During America’s turbulent Civil War, soldiers took to wearing a small brass pin that would be struck with his unit number upon it. The primary reason behind this was to help keep units organized during long journeys across the country. Oftentimes a solider would not be familiar with his entire unit, so having the pin provided an easy way to recognize his brethren as they spread out across the land. The only problem was that the pins were so small that in combat situations it was nearly impossible to read them unless you were nearly upon him. Still, an unintentional but much more lasting effect cropped up from their introduction: that of camaraderie. Units garnered pride and unity from wearing the pins, wearing them proudly even after the war had finished, as symbolic reminders of their comrades-in-arms.
This previously unintended influence did not decline after the war was concluded, but instead built itself up into the practice we see today of decorating our military men and women for their brave acts in times of need. By the time of World War One, an array of lapel pins were being used in ceremonies and given to the loved ones of fallen soldiers, from Army pins, to Marine Corp pins, Navy pins, to an Air Force pin, their significance to those who received them was of extreme honor and pride.
Military pins have become an industry in themselves, created for fundraising, rallies, and reunions, amongst other things.

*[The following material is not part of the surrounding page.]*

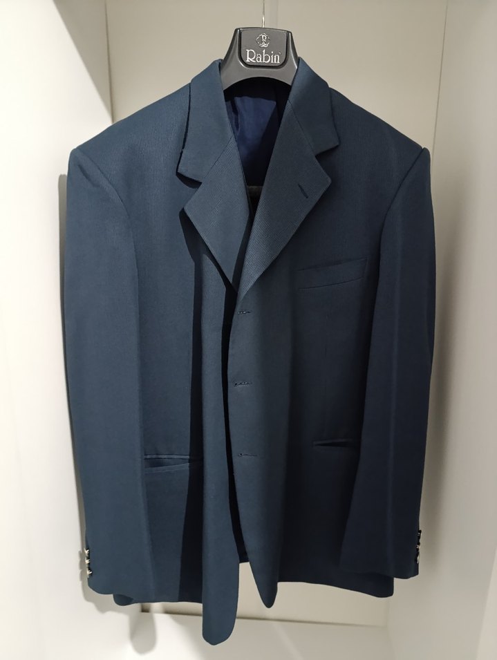 Lacivert erkek takım elbise ceketi ve yeleği.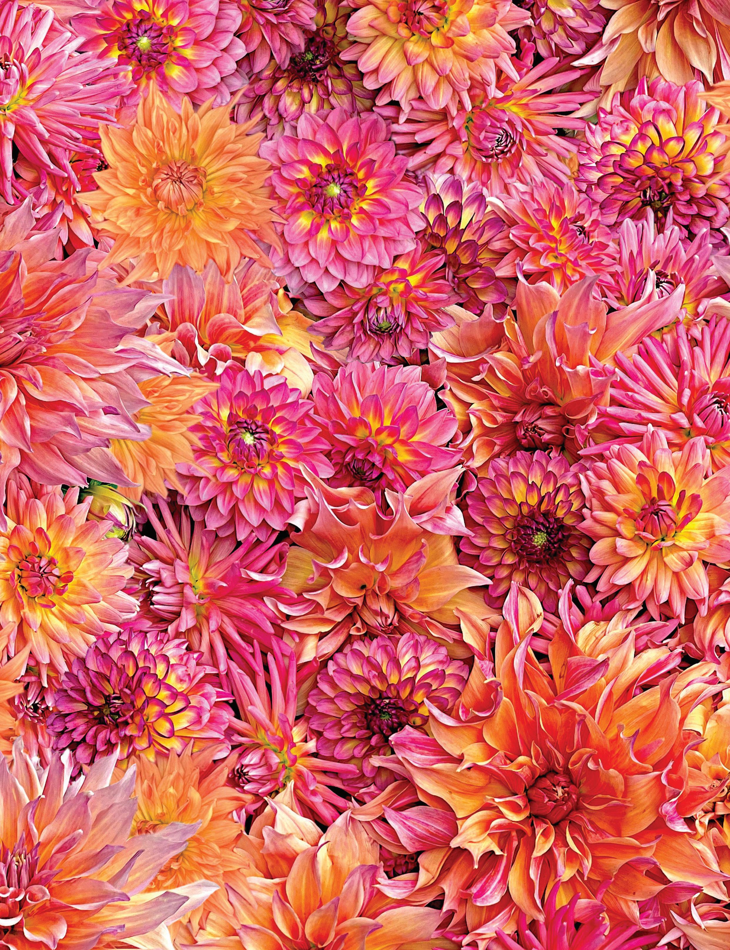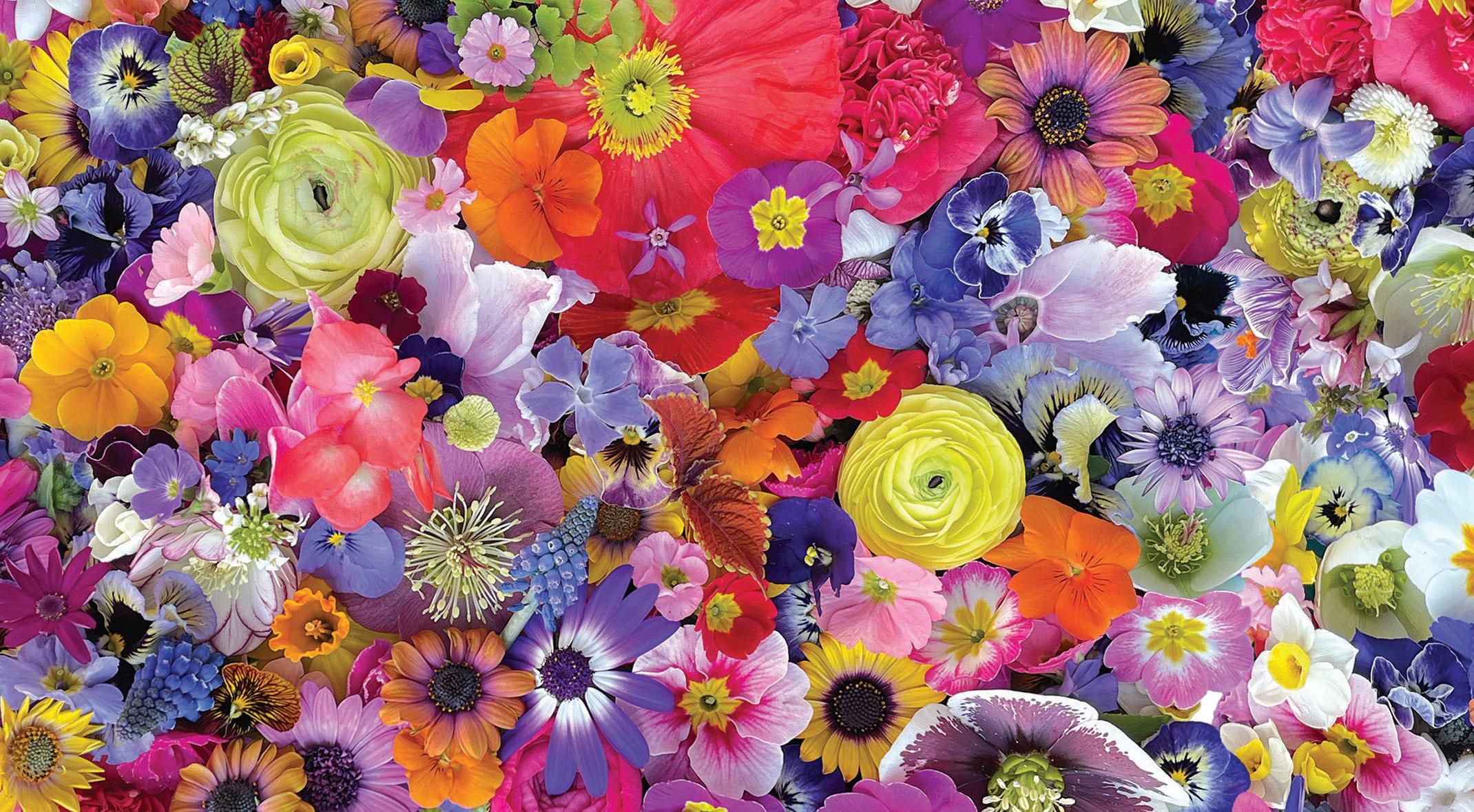 Nicholas creates these photo collages using hundreds of meticulously arranged petals, leaves, and blossoms, which are then captured in his unique photography process.

And despite their increasing diversity, they have the amazing ability to bring us all together for a common cause, help us celebrate our past, and be hopeful for the future. Nowadays, the culture of military pins has grown to encompass everyone that the military touches through their service for our country. And as long as our military continues to champion our causes, military lapel pins will continue to celebrate the selfless job they do.
For anyone in the modern age, it’s hard to imagine the president not wearing an American flag lapel pin, especially when addressing the country over issues of security and defense. Presidents have worn lapel pins religiously as far back as Richard Nixon back in 1968. As a country, we are never more patriotic than when we send brave young men and women into the far corners of the world to fight for our protection and the betterment of all.